Q. What do you mean by behaviorally anchored?
McCutcheon: Content areas that we provide feedback about can sometimes be vague or abstract, and that leaves room for misunderstandings. Therefore the most effective feedback is specific and based in observable behavior. For example, if a supervisor provides feedback about an intern's ability to establish and maintain positive therapeutic relations, that skill is composed of many specific behaviors that can be identified and discussed. For example, an intern's personal warmth and empathy.
Q. Is there anything off the table?
McCutcheon: In professional practice, our personal behavior and conduct is an important element of our effectiveness, so frequently there's a need to comment upon the personal behavior of someone in training. However, evaluation that is of a personal nature that isn't relevant to the intern's professional performance is questionable.
Cornish: If an intern is going through a divorce, for example, that's not supposed to be part of evaluation unless it's really interfering with their work with clients. The behaviors [evaluated] should be clear and measurable. Things like the ability to handle stress, relates well with colleagues, is dependable, is flexible, comes to work on time.
Campbell: If a supervisor doesn't quite know where to go with a supervisee and their situation, they could inadvertently begin moving toward a therapeutic stance with the student, exploring and making psychodynamic connections. That's quite unfair for the student because the student is already a person of lesser power and then would be also vulnerable to exploitation and having to [disclose personal information] that they should not have to share, as per Ethical Standard 7.04.
Weinberg: It's not uncommon for supervisors to inquire about and discuss issues related to our trainees' countertransference reactions, but it's always important [for supervisors] to be sensitive to the power imbalance between intern and supervisor.
Cornish: Another thing is, if, for example, an intern has some type of disability that they have asked for accommodations for, reasonable accommodations should always be given. [Interns] shouldn't be graded down for needing or asking for accommodations.
Q. How can interns make the most of the feedback they receive?

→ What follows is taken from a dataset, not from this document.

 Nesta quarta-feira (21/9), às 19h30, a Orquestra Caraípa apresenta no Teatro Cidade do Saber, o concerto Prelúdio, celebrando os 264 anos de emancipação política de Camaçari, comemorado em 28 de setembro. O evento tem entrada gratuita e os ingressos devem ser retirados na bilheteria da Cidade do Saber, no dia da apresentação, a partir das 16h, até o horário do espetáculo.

Grossman: Interns are oftentimes reluctant to talk about areas that they don't feel competent in. The assumption that interns have is that "I'm supposed to know what I'm doing." So what you [often] get are interns who come in and don't take advantage of supervision. They say, "Everything is fine. I had a great session." What a waste of a year if you do that all year long.

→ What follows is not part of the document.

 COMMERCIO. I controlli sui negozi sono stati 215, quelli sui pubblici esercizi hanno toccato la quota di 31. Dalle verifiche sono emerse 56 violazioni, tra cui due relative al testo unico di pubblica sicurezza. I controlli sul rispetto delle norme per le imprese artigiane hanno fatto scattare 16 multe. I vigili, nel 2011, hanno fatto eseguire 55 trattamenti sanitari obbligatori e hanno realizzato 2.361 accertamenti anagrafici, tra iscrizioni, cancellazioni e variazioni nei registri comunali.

Campbell: I can't emphasize enough how important it is to stay in a learner role, and that means being able to risk being seen by your supervisor as needing to learn something. Those who stay in a learner role and continue to take feedback, use it and modify what they're doing become the most competent among the students.
Cornish: Everybody has some anxiety about being evaluated, but expect evaluation during the internship year and try to use it to grow. As a training director, I am always being evaluated. I like that because it makes me grow. It's a useless evaluation if it's totally glowing.

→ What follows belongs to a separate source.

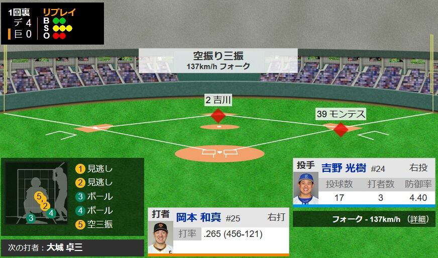 【巨人対DeNA20回戦】巨人の4番…

Weinberg: It's equally important to accept and savor supervisory feedback about one's strengths. Too often interns' humility and modesty get in the way of truly appreciating their own gifts and talents, with corrective feedback seeming to bear more emotional weight than praise. Most supervisors wish this was the other way around.
Grossman: Try to reframe things. Develop a mindset that contributes to a lifelong process of consulting with other professionals about your clinical work.